Żak Natalia, Wilczyńska Aleksandra
Department of Quality Management, Gdynia Maritime University, ul. Morska 81-87, 81-225 Gdynia, Poland.
Foods. 2023 Aug 25;12(17):3210. doi: 10.3390/foods12173210.
The aim of this study was to review methods of honey testing in the assessment of its quality and authenticity. The quality of honey, like other food products, is multidimensional. This quality can be assessed not only on the basis of the characteristics evaluated by the consumer during purchase and consumption, but also on the basis of various physicochemical parameters. A number of research methods are used to verify the quality of honeys and to confirm their authenticity. Obligatory methods of assessing the quality of honey are usually described in legal acts. On the other hand, other, non-normative methods of honey quality assessment are used worldwide; they can be used to determine not only the elementary chemical composition of individual types of honey, but also the biological activity of honey and its components. However, so far, there has been no systematization of these methods together with a discussion of problems encountered when determining the authenticity of honeys. Therefore, the aim of our study was to collect information on the methods of assessing the quality and authenticity of honeys, and to identify the problems that occur during this assessment. As a result, a tabular summary of various research methods was created.
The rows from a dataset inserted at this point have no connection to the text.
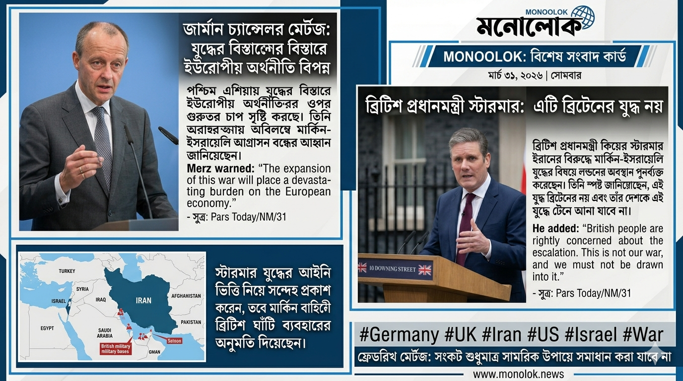 মনোলোক : মার্চ ৩১, ২০২৬ ;-ব্রিটিশ প্রধানমন্ত্রী কিয়ের স্টারমার ইরানের বিরুদ্ধে মার্কিন-ইসরায়েলি আগ্রাসন বিষয়ে লন্ডনের অবস্থান পুনর্ব্যক্ত করেছেন।
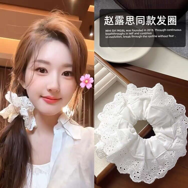赵露思同款法式浪漫大号蕾丝发圈双层花边镂空大肠圈发饰发圈
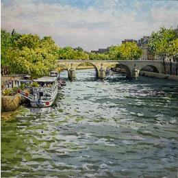 This unique and original contemporary artwork "Paris, Le pont Marie et l'Île Saint-Louis" on the subject of Urban has been created by the contemporary artist Decoudun Jean charles.
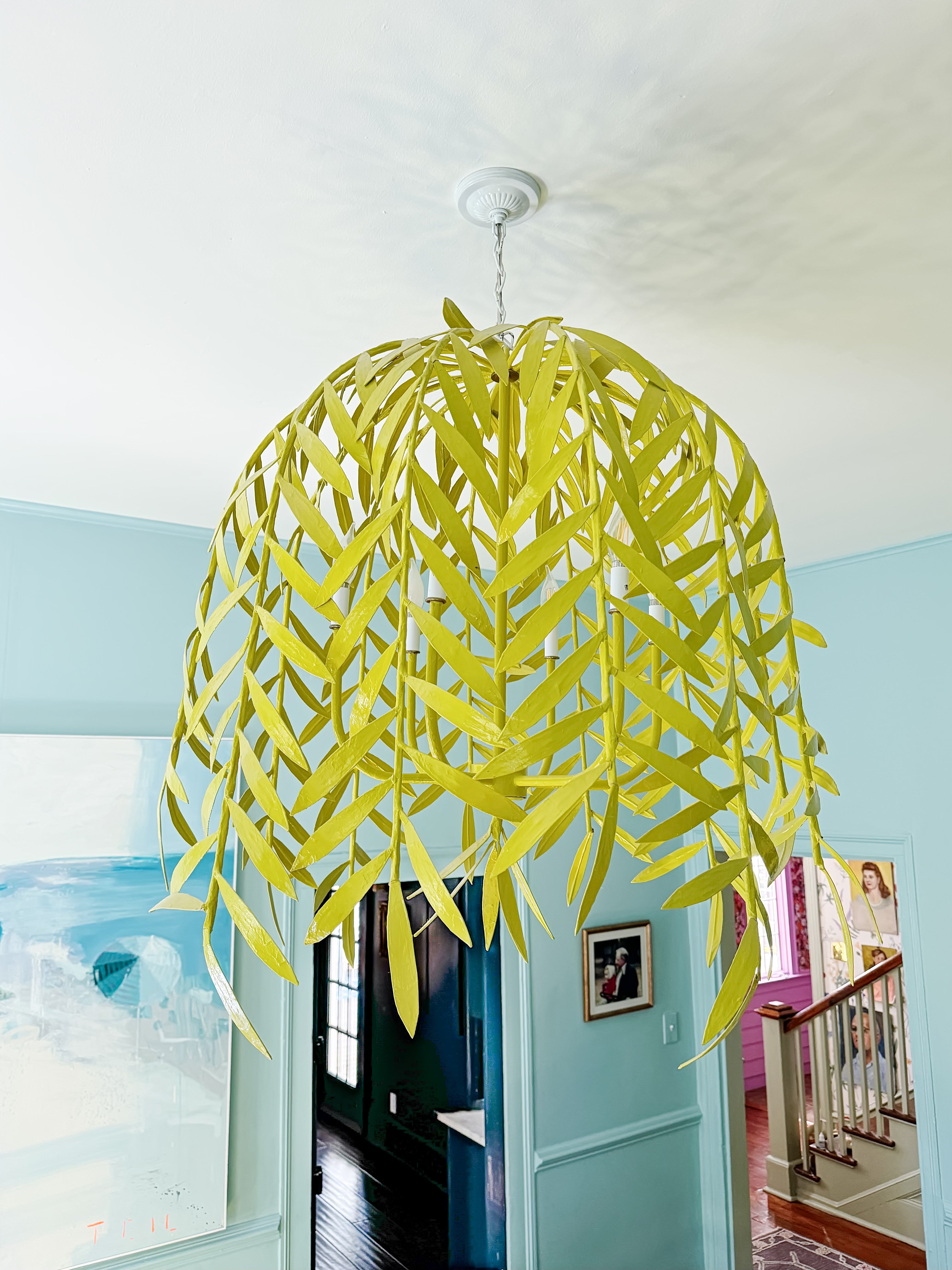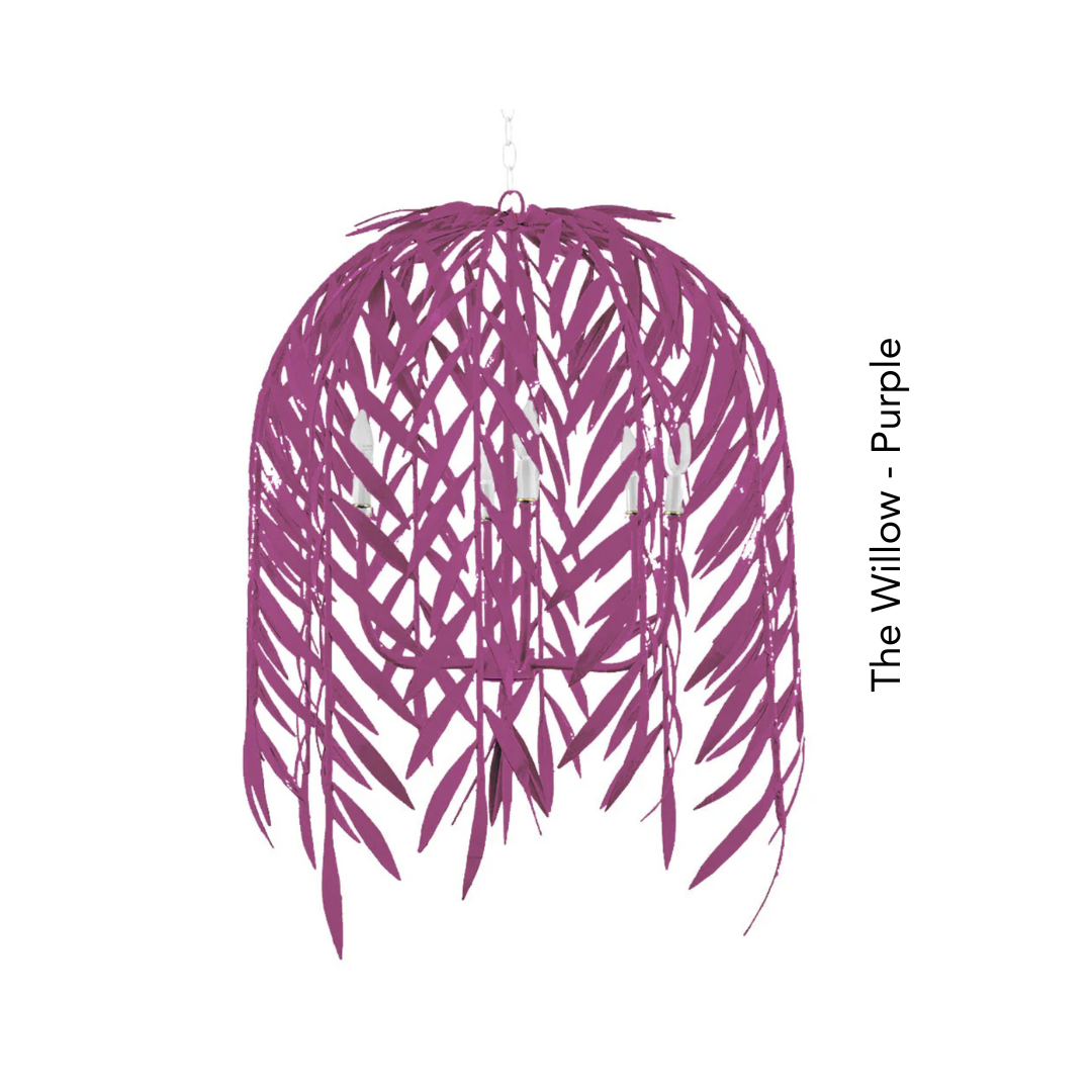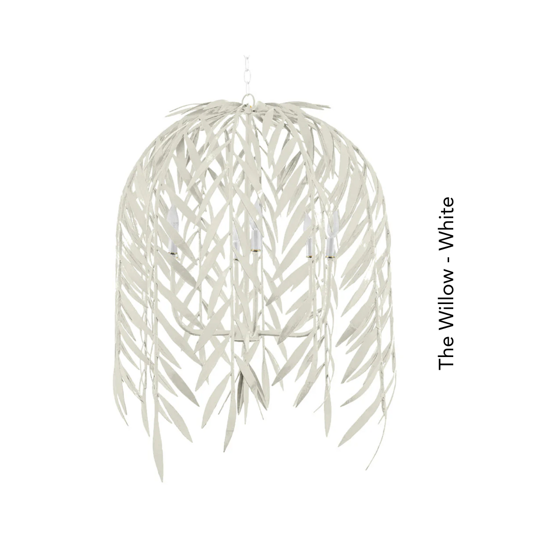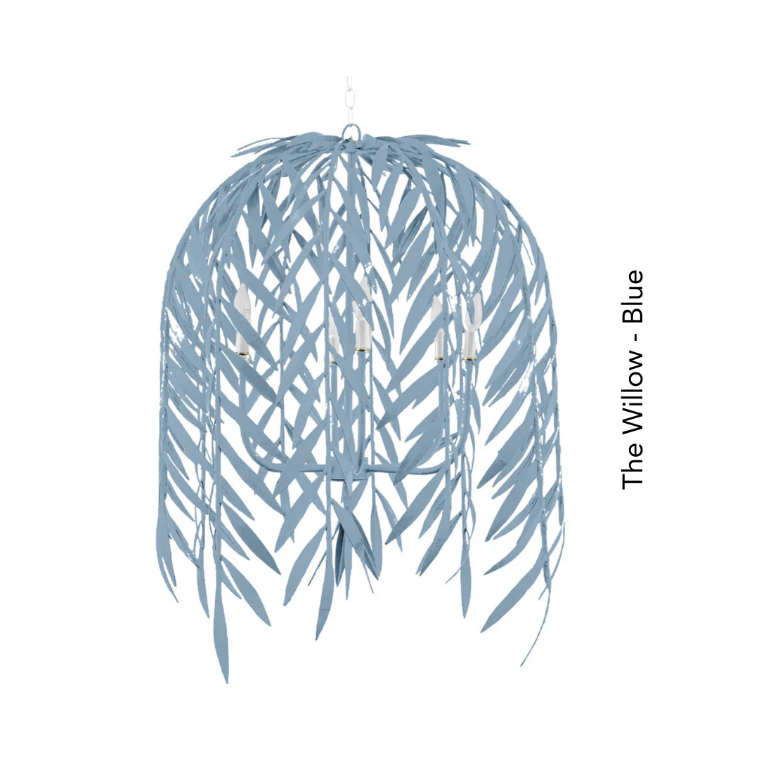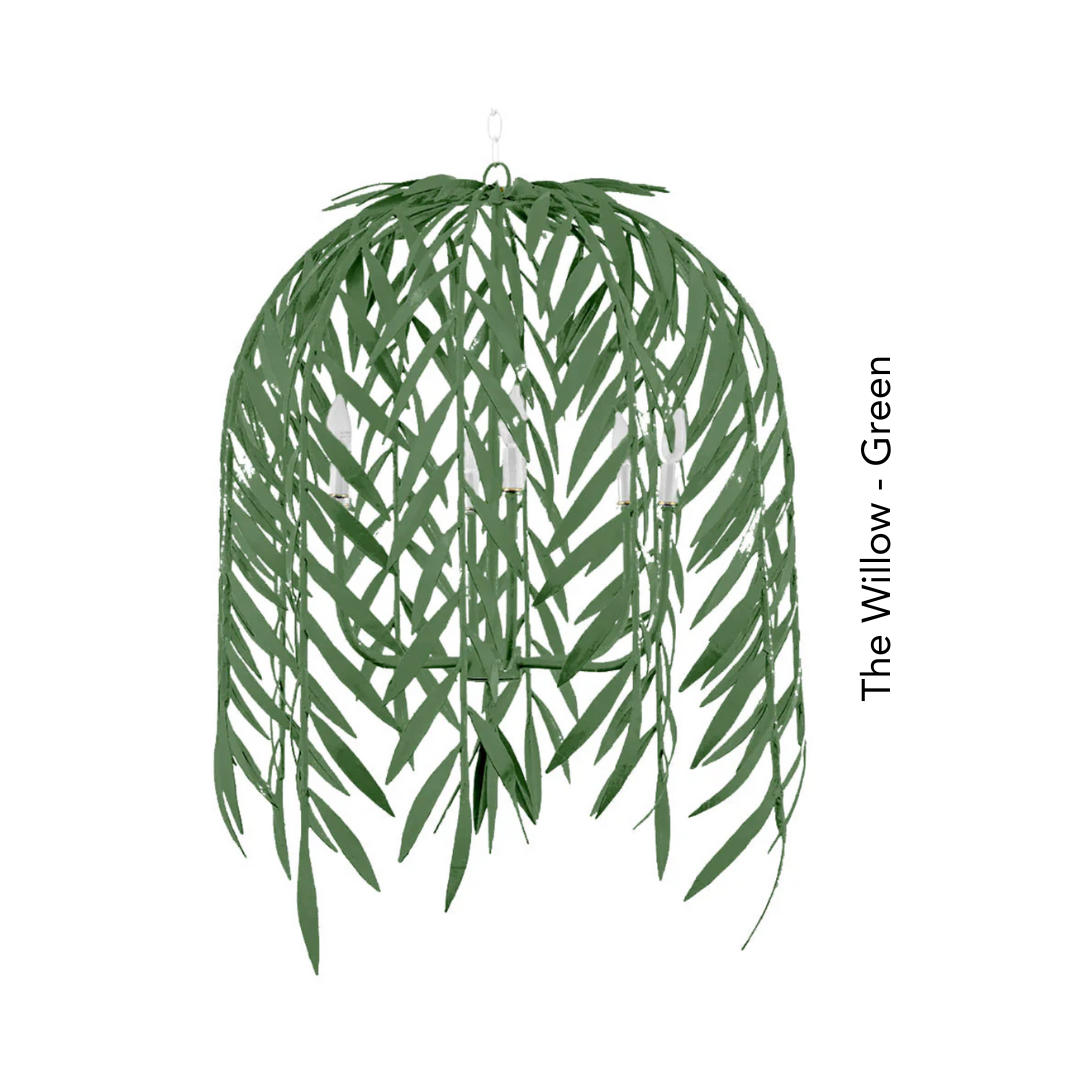 The absolutely stunning Willow chandelier is all hand crafted out of forged iron and then wrapped in layers of recycled papier mache by our ultra gifted Mexican artisans. Painted to order in 2 coats of no VOC paint and topped with a varnish. The 6 armed light fixture is tucked under the fabulous fronds.
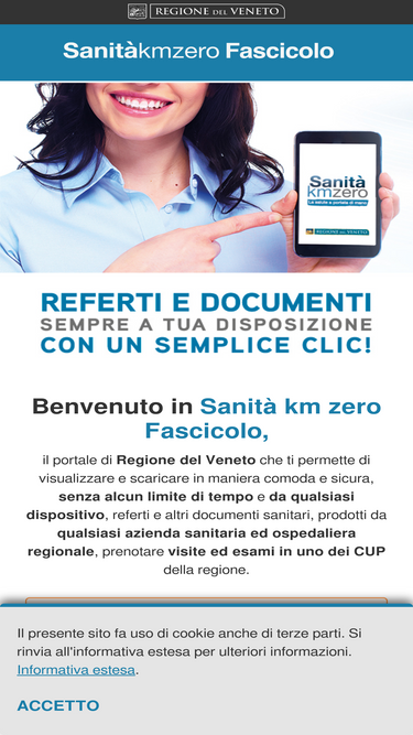 Portale della Regione del Veneto per visualizzare e scaricare da qualsiasi dispositivo, senza limiti di tempo, referti e documenti relativi alla tua salute.
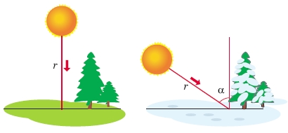 I - gaismas stiprums, r – attālums no gaismas avota līdz punktam, kuru apgaismo, α – gaismas krišanas leņķis.
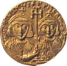 6. Солид с изображением Юстиниана II и Тиверия. 709–711 гг. Источник: Coin Archives. URL: https://commons.wikimedia.org/wiki/File: Monete_d%27oro_di_giustiniano_II_е_tiberio_IV,_705-711,_02,_5.jpg?uselang=ru.
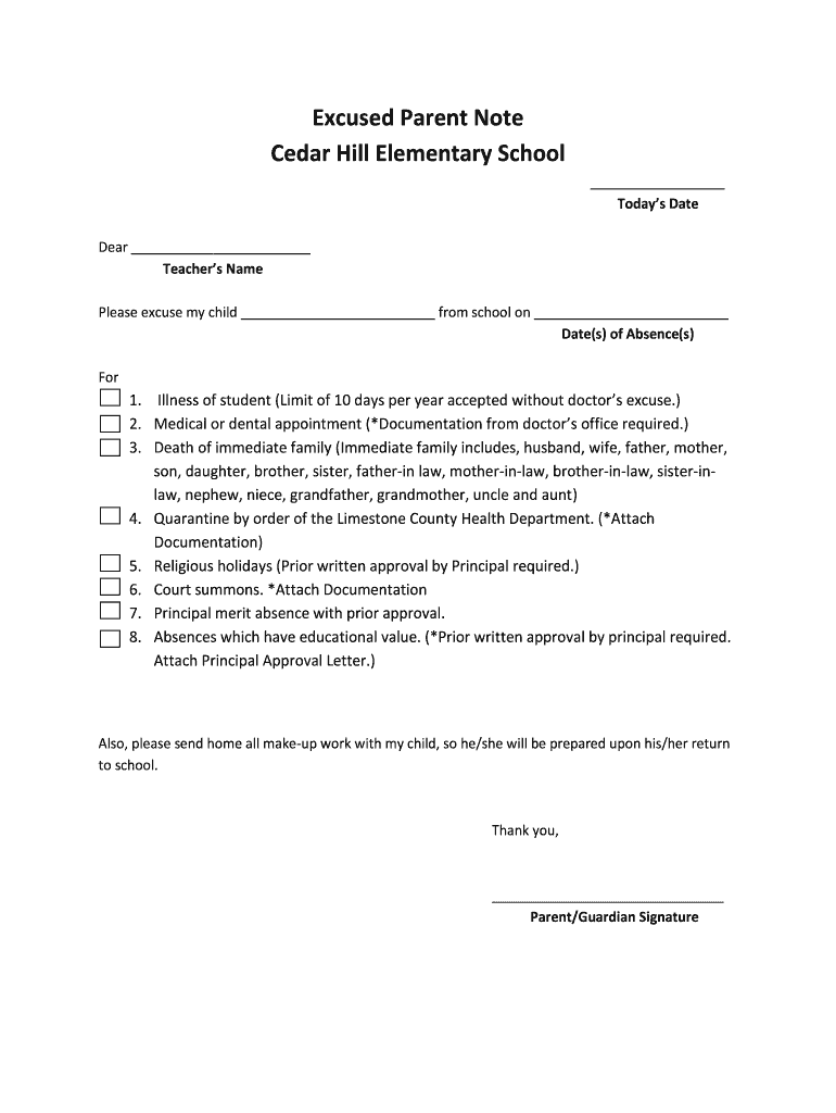 Excused Parent Note Cedar Hill Elementary School Today's Date Dear Teachers Name Please excuse my child from school on Date(s) of Absence(s) For1. Illness of student (Limit of 10 days per year accepted
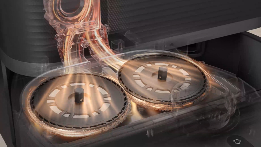 Базовая станция — это настоящая прачечная для робота. Насадки для швабры автоматически промываются в воде, нагретой до 55°C. Горячая вода лучше растворяет загрязнения и предотвращает появление бактерий и неприятных запахов. Вы можете выбрать нужный режим мойки в приложении под свой тип полов.
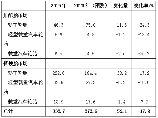 USTMA表示,2020年美國輪胎出貨量可能下降至2.736億條輪胎,比2019年的3.327億條下降17.8%。其中,原配胎出貨量預計下降24.5%;替換胎出貨量預計下降16.3%,載重輪胎出貨量可能最好,預計僅下降7.3%。
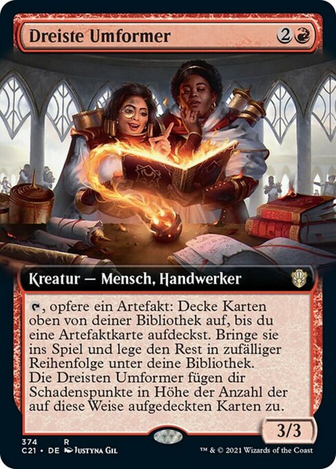 | Rules | , Sacrifice an artifact: Reveal cards from the top of your library until you reveal an artifact card. Put that card onto the battlefield and the rest on the bottom of your library in a random order. Audacious Reshapers deals damage to you equal to the number of cards revealed this way. |
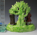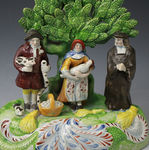 Antique English pottery pearlware bocage figure known as the Tythe Pig Group.
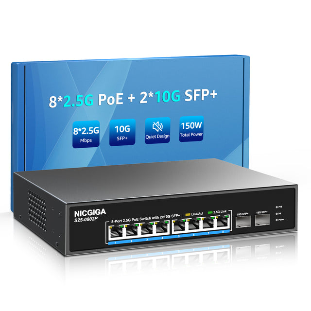 8 Port 2.5G PoE Switch Unmanaged with 8 Port 2.5Gb Base-T PoE+@130W + 2 x 10G SFP+ Uplink, NICGIGA 10 Port 2.5Gbe IEEE802.3af/at Power Over Ethernet Switch, Support WiFi6 AP, NAS, 4K PoE Camera NVR. is backordered and will ship as soon as it is back in stock.
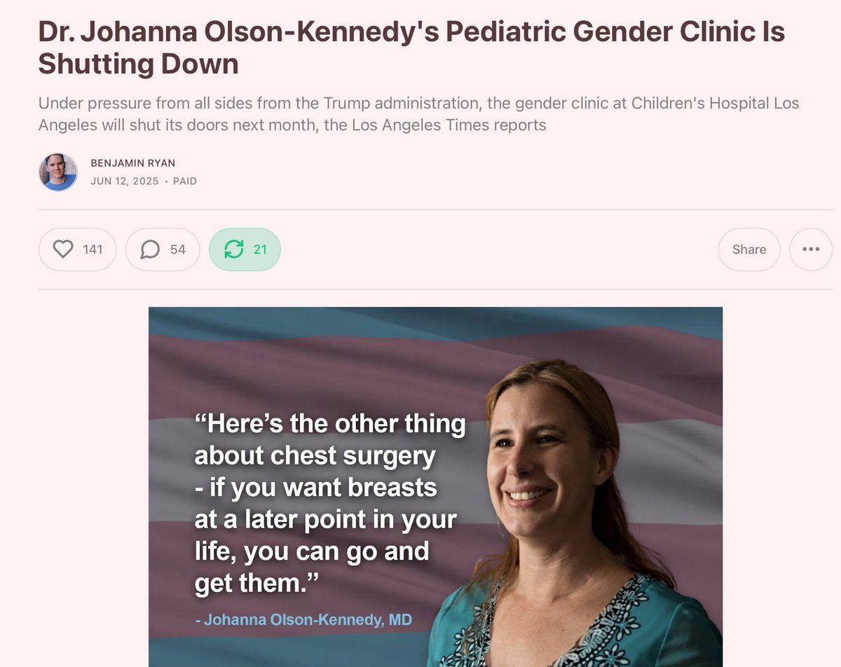 The blue-state pediatric gender clinic closures started with Children's Hospital Los Angeles last July and have continued steadily since then. benryan.substack.com/p/dr-johanna-o…

本研究的目的是回顾蜂蜜检测方法,以评估其质量和真伪。与其他食品一样,蜂蜜的质量是多维度的。这种质量不仅可以根据消费者在购买和消费过程中评估的特征来评估,还可以根据各种理化参数来评估。许多研究方法被用于验证蜂蜜的质量并确认其真伪。评估蜂蜜质量的强制性方法通常在法律法规中有所描述。另一方面,全球还使用其他非规范性的蜂蜜质量评估方法;这些方法不仅可以用于确定各类蜂蜜的基本化学成分,还可以用于确定蜂蜜及其成分的生物活性。然而,到目前为止,这些方法尚未进行系统化整理,也没有对确定蜂蜜真伪时遇到的问题进行讨论。因此,我们研究的目的是收集有关评估蜂蜜质量和真伪方法的信息,并确定在此评估过程中出现的问题。结果,创建了一个各种研究方法的表格总结。